5. I enjoyed seeing the dynamics of the King's family in this scene. Previously, the king was always disappointed in Hal and moping about his bad behavior and never really focusing on John. He obviously wasn't that proud of John either if he longed so badly for such a noble son like Hotspur. In this final scene however, they all seem like they have come to means and accepted each other for who they are and now finally respect one another. Hal's generosity and respect towards his brother is shown when he tells him "Then, brother John of Lancaster, to you this honorable bounty shall belong. Go to the Douglas, and deliver him up to his pleasure, ransomless and free" (25-28). Hal was showing kindness to his brother and Douglas, making him and even more admirable character. Although the play doesn't end very dramatically, the characters at least end resolved and content with each other.

9:19 PM  
Blogger DanaitA said...

" Thus ever did rebellion find rebuke.-Ill-spirited Worcester, did not we send grace, Pardon, and terms of love to all of you? And wouldst thou turn our offers contrary, Misuse the tenor of thy kinsman's trust?" (1-5).

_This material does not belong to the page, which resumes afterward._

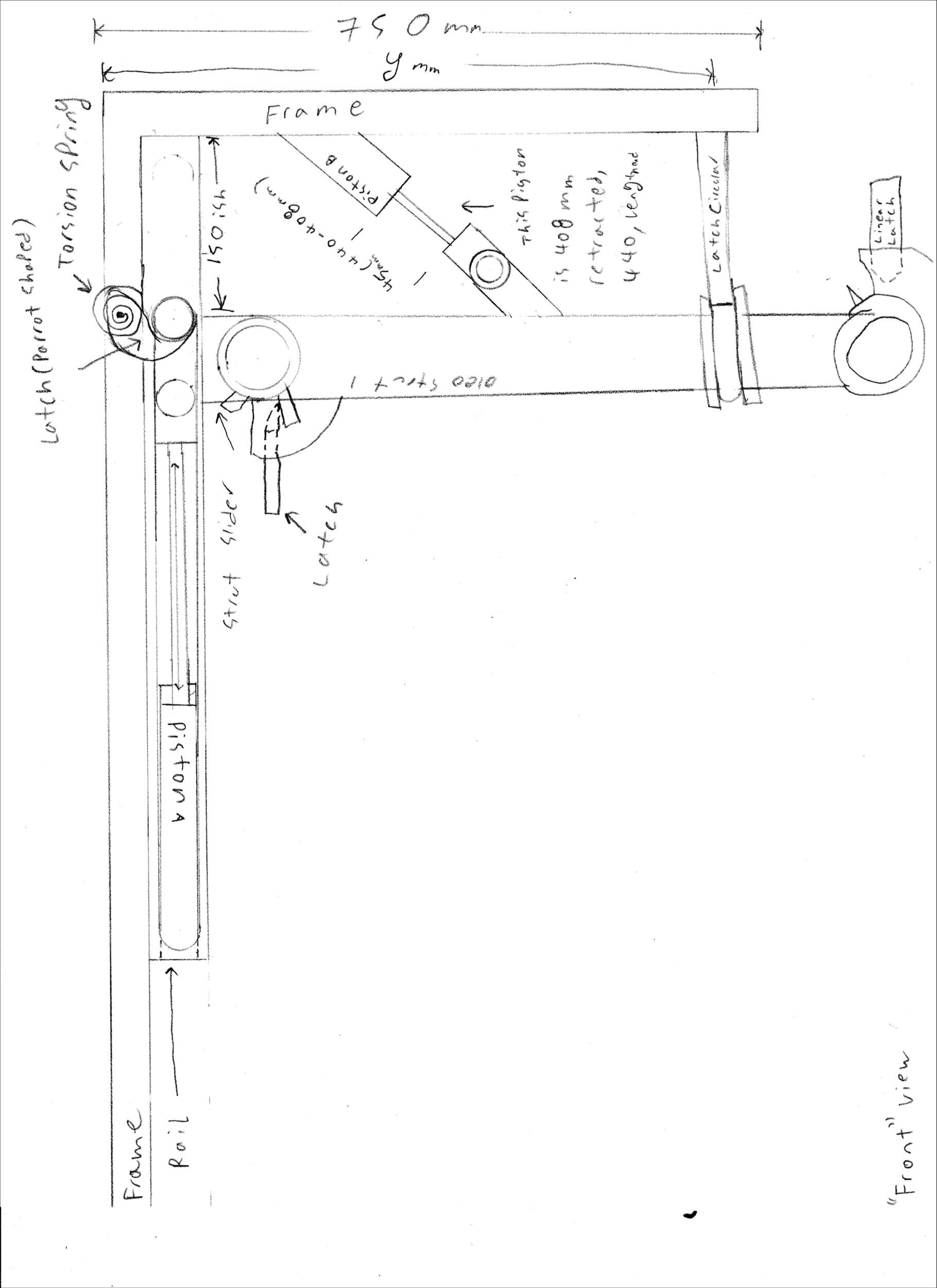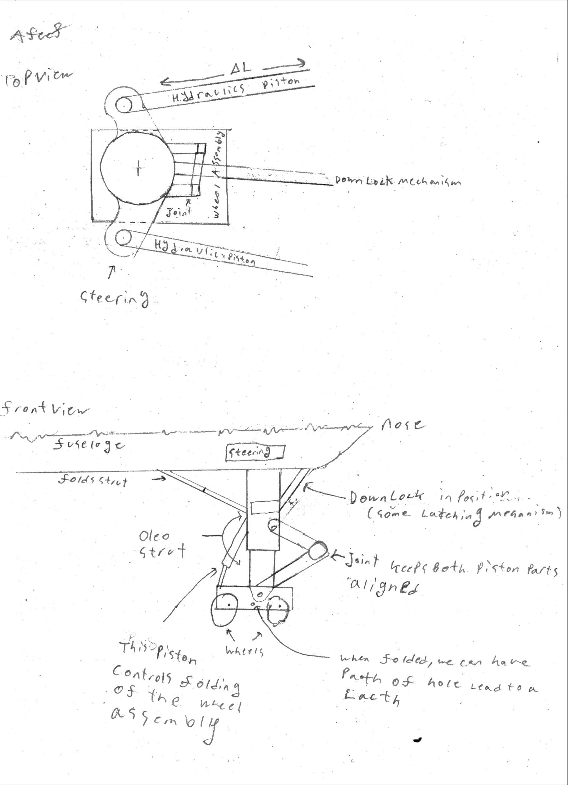 Initial research was done through current landing gear systems and other literature sources for certain components of the system. Sketches were made for the initial design of the mechanism for the landing gear to see how each part had to be designed and how they're going to interact with other parts within the mechanism. It was also decided that the cage the whole landing gear mechanism had to fit within was 1.5m x 1.0m x 0.75m.

I like this quote from the king because it is a kind of reparation to WOrcester for having lied to Hotspur by not telling him about the King's offer. It is almost like in movies where at the end the bad guy gets what is coming to him, Worcester gets put to death for having indirectly caused the death of many other innocent people. This quote brings a resolution the the rebel problem because Worcester's execution brings a sort of justice to everythign that has happened.

9:19 PM  
Blogger Aly A. said...

Haley and Sarah-

Thanks for finding out the critic's insight on the ending, Sarah! I completely agree that Shakespeare was trying to create a hook and an element of suspense ending so unresolved and abruptly. Even though its not the most intense suspense, I think it serves its purpose well enough, because I'll admit, I was wondering what happens in the next battle with Mortimer and Glendower.

9:23 PM  
Blogger  said...

At first I thought, OK the ending is nothing special, but then I remembered that this is only Part I of Henry IV so I thought that might explain why it ended the way it did.
I also wondered why Shakespeare would have the King speak last (because doesn't he always have the person that becomes the new king speak last?) But then I remembered the "Part 1" so I then realized that it made sense because he is still the king at the beginning of part 2.

So basically my paraphrase of this scene is, "To be continued - go read Henry IV, Part II."

9:38 PM  
Blogger Matt L said...

3. I didn't mind the last scene. Sure it didn't have overly dramatic final lines or the usual literary fanfare with which we are accustomed. However, it did bring back the motifs of honor, bravery, and family loyalty. It also showed that there is more to the story. A dramatic tragic ending would not fit a history play because history continously unfolds. This ending also has marketing value for Shakespeare's theatre in that it leaves lose ends and people would come to see the conclusion of Henry IV. (I, a self proclaimed Shakespeare hater wouldn't mind reading part two in order to find out how the story ends.) This cliffhanger I guess is what is responsible for my questions. Why would Hal's brother appear only in this scene? And why is Douglass forgiven while the others are not?